→ Exercise description:
Your output should consist of the lines from the first line of the records below through the one with "Магнитные бури в", exactly, minus the pictures.

→ Material for this exercise:

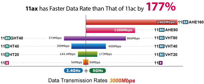 El WDAP-W3000AX de PLANET, que adopta el estándar IEEE 802.11ax Wi-Fi 6, proporciona una transmisión de alta velocidad. La velocidad inalámbrica máxima en la banda de 2,4 GHz es de hasta 574 Mbps con 11ax, y en la banda de 5 GHz es de hasta 2402 Mbps con 11ax. Las conexiones inalámbricas de 2,4 GHz y 5 GHz también se pueden utilizar simultáneamente.
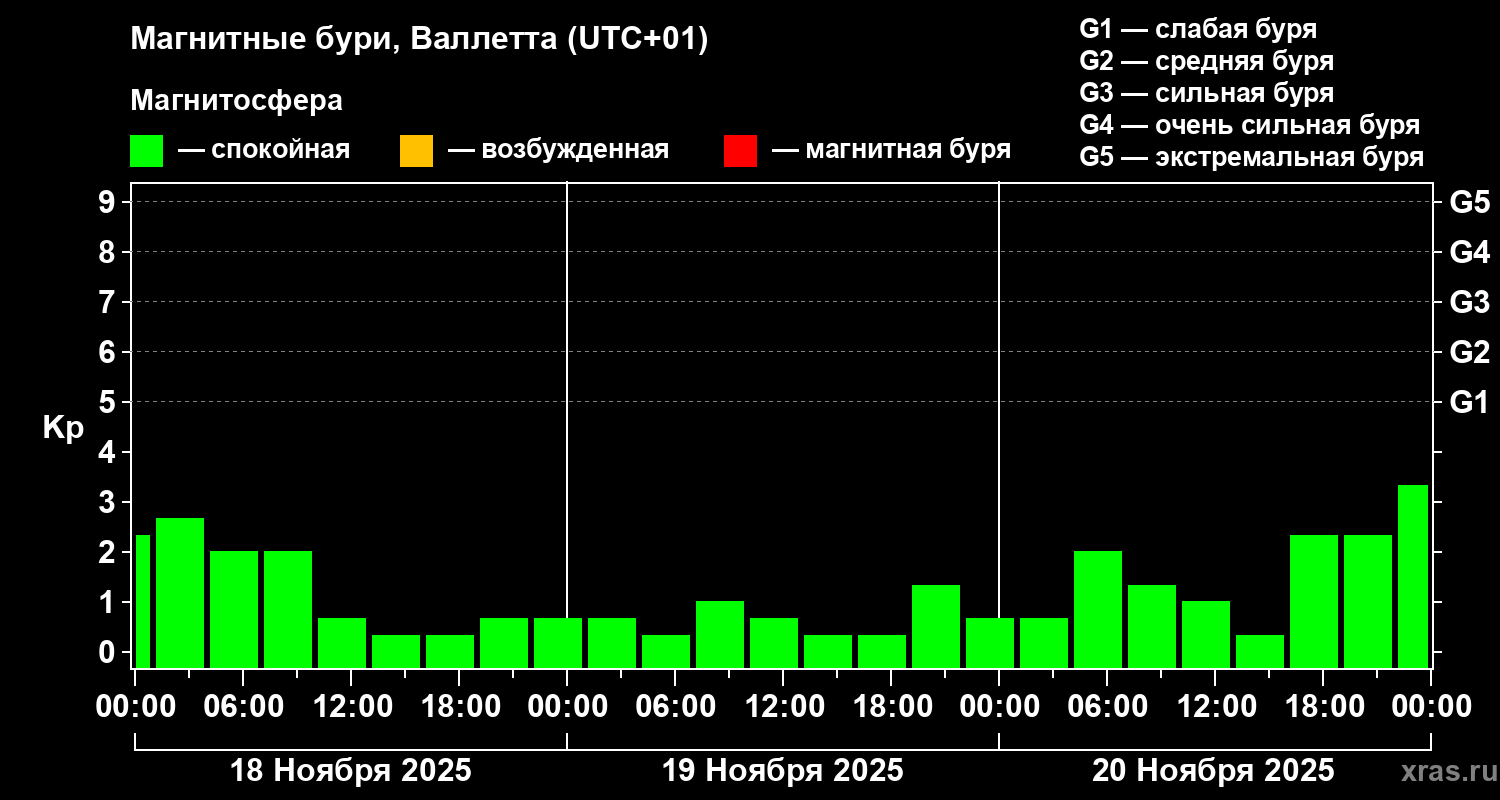 Магнитные бури в Валлетте 20 ноября 2025 года
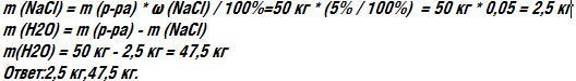 Для соления огурцов применяют 5-процентный раствор поваренной соли. Сколько соли и воды надо взять для приготовления 50кг этого раствора?
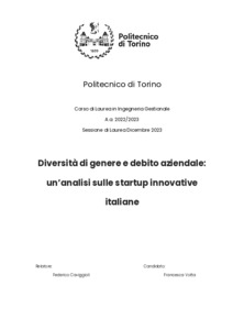 Diversità di genere e debito aziendale: un’analisi sulle startup innovative italiane = Gender diversity and corporate debt: an analysis of innovative Italian startups.
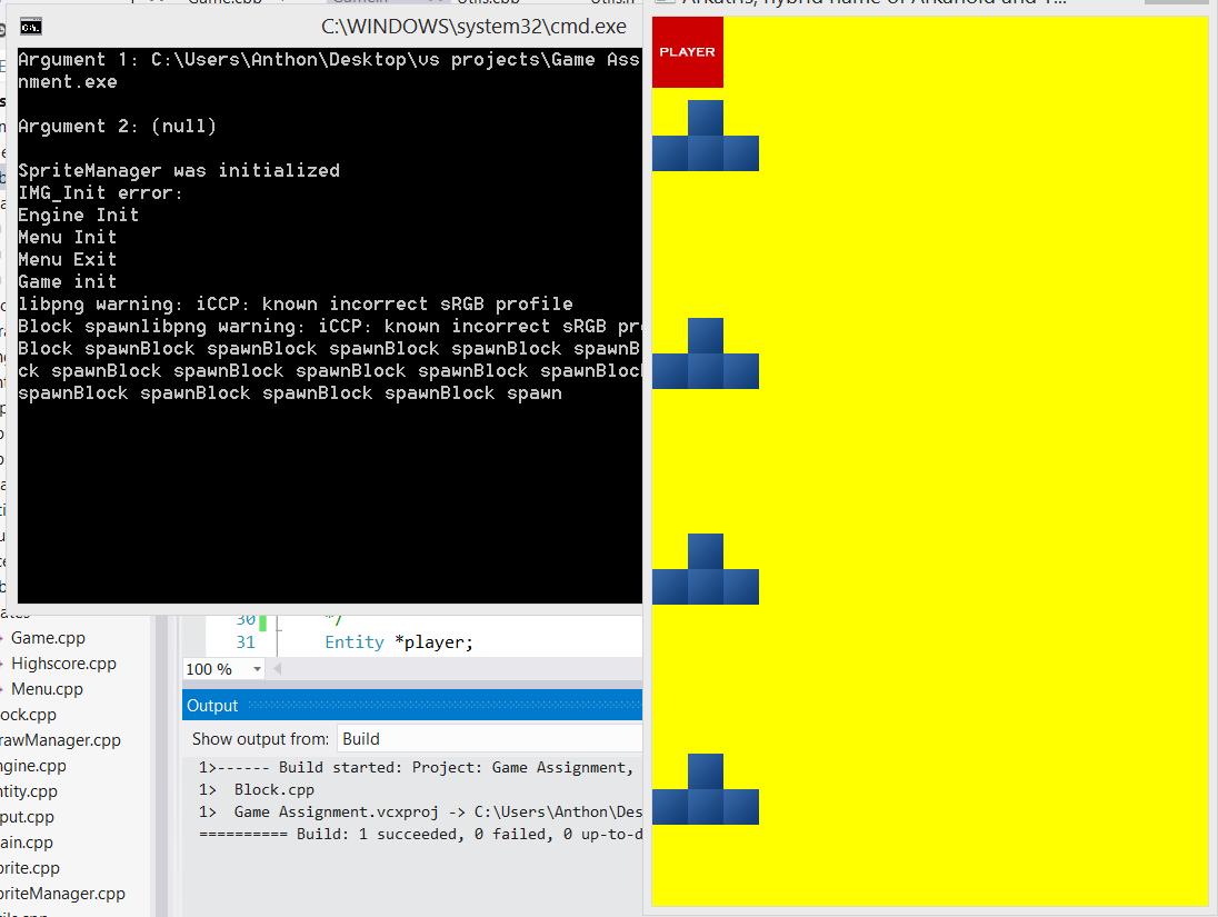 I added blocks spawning in a rate of 1*.6 seconds wich will be changed in future. I´ve also added movement to the blocks. I think I have alot more understanding in pointers and iterators now. First I saw an iterator as a usual integer type but with a different name. But now I know that the iterator points an item in the container which is the vector itself.
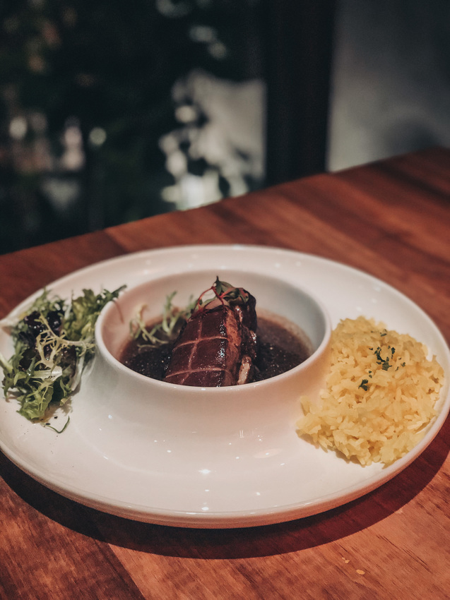 這是道費時三天的料理,醃製、熬煮、靜置,紅酒的酸澀配上豬五花的油脂以及香料飯,毫無違和感,入口即化。

→ Answer box:
 El WDAP-W3000AX de PLANET, que adopta el estándar IEEE 802.11ax Wi-Fi 6, proporciona una transmisión de alta velocidad. La velocidad inalámbrica máxima en la banda de 2,4 GHz es de hasta 574 Mbps con 11ax, y en la banda de 5 GHz es de hasta 2402 Mbps con 11ax. Las conexiones inalámbricas de 2,4 GHz y 5 GHz también se pueden utilizar simultáneamente.
 Магнитные бури в Валлетте 20 ноября 2025 года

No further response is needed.